[Data]

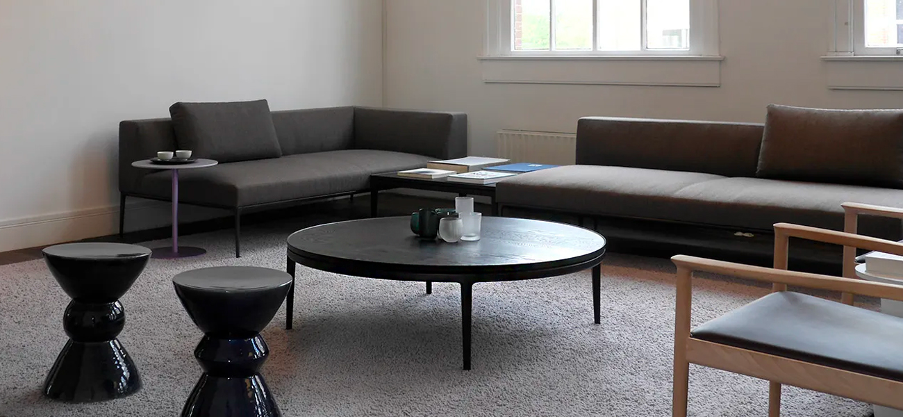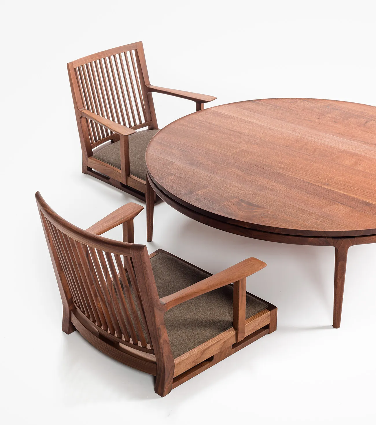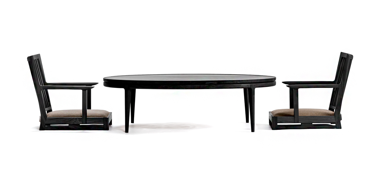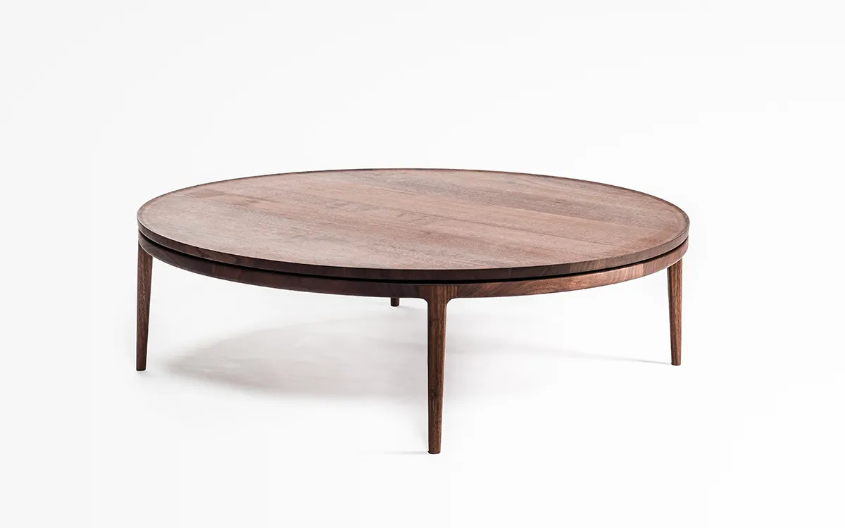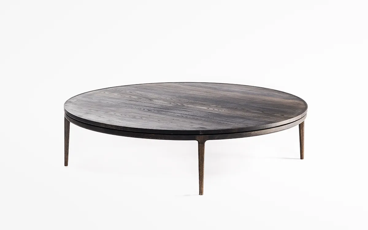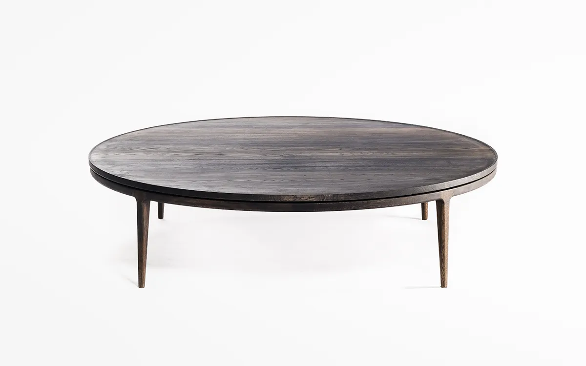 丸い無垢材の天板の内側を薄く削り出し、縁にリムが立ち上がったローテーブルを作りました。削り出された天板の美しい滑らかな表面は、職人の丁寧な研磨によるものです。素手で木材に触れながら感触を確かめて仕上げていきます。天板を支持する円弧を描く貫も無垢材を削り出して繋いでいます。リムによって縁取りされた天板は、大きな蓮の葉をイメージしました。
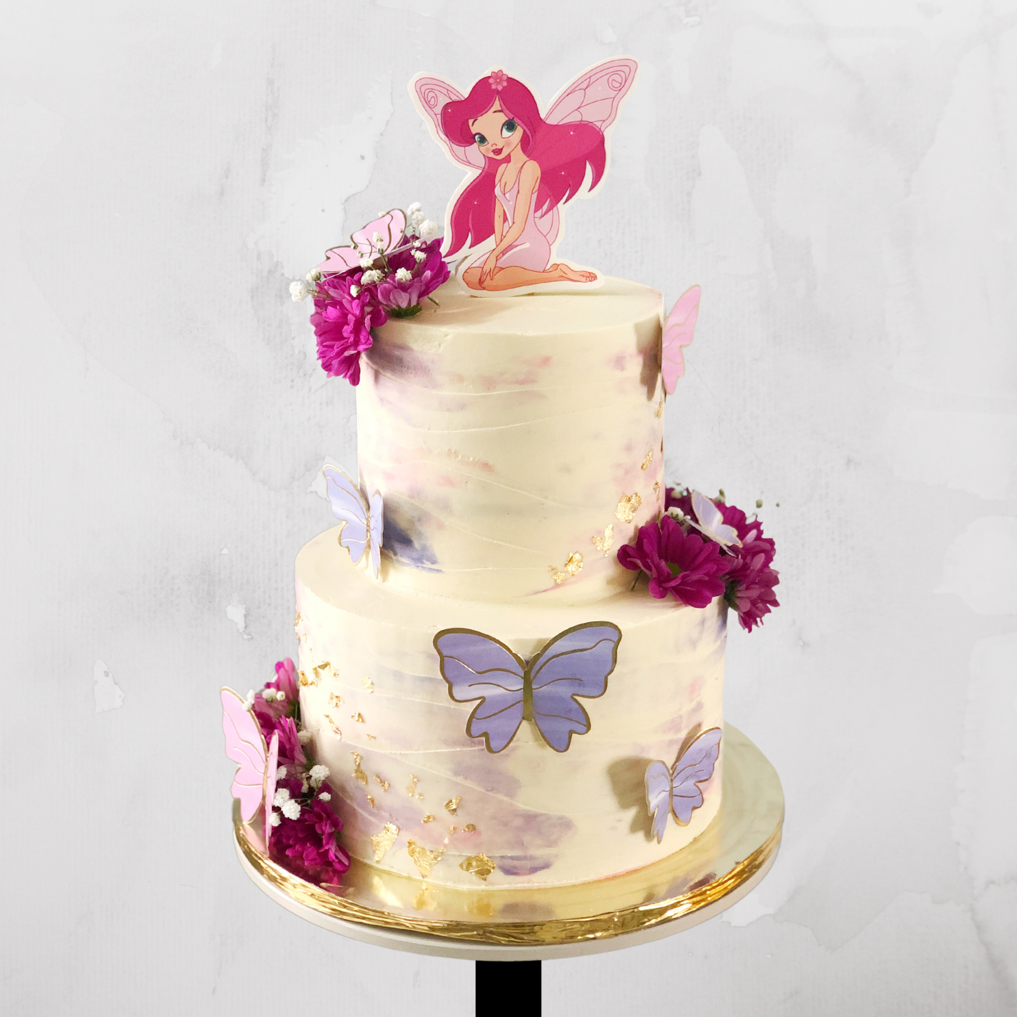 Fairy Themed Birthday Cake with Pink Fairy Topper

==

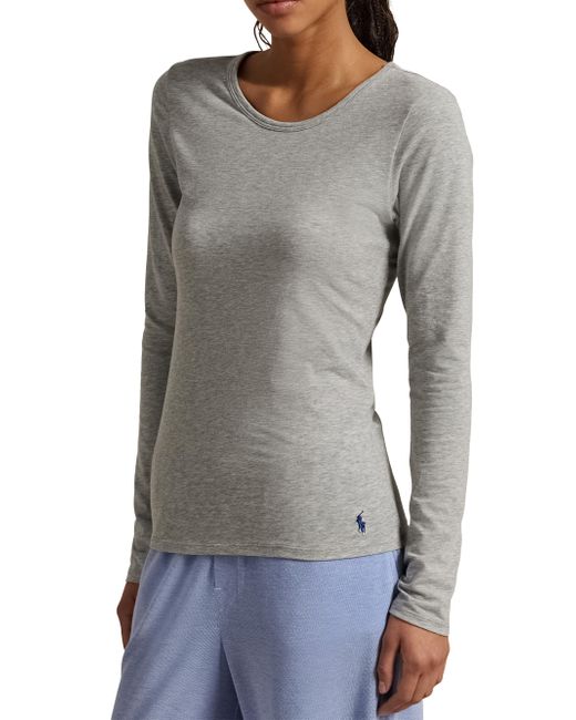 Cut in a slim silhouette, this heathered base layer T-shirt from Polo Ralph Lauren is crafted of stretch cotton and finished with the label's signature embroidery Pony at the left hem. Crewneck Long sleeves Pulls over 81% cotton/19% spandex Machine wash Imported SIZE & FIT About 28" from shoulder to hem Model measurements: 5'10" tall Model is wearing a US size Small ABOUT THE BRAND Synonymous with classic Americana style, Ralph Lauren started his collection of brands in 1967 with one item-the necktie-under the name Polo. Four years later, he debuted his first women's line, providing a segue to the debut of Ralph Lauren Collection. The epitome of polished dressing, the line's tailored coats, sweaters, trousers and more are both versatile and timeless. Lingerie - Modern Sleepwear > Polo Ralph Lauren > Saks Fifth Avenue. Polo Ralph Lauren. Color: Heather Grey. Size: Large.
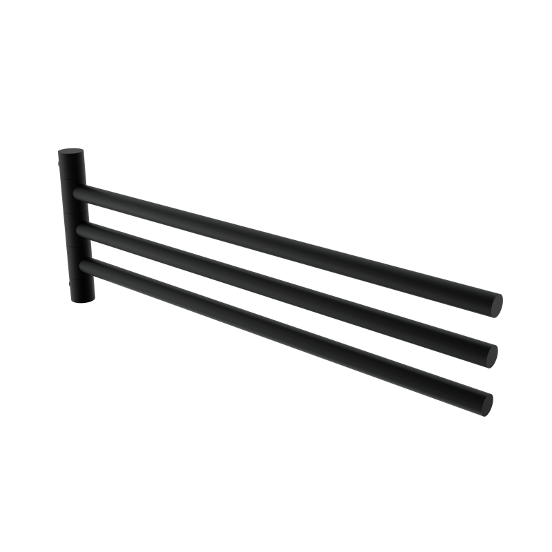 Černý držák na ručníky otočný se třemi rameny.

[Instructions to follow]
Without the pictures, set down the lines above from the line with "丸い無垢材の天板の内側を薄く" up to and including the line with "Fairy Themed Birthday" exactly as they stand.

[Output for this exercise]
 丸い無垢材の天板の内側を薄く削り出し、縁にリムが立ち上がったローテーブルを作りました。削り出された天板の美しい滑らかな表面は、職人の丁寧な研磨によるものです。素手で木材に触れながら感触を確かめて仕上げていきます。天板を支持する円弧を描く貫も無垢材を削り出して繋いでいます。リムによって縁取りされた天板は、大きな蓮の葉をイメージしました。
 Fairy Themed Birthday Cake with Pink Fairy Topper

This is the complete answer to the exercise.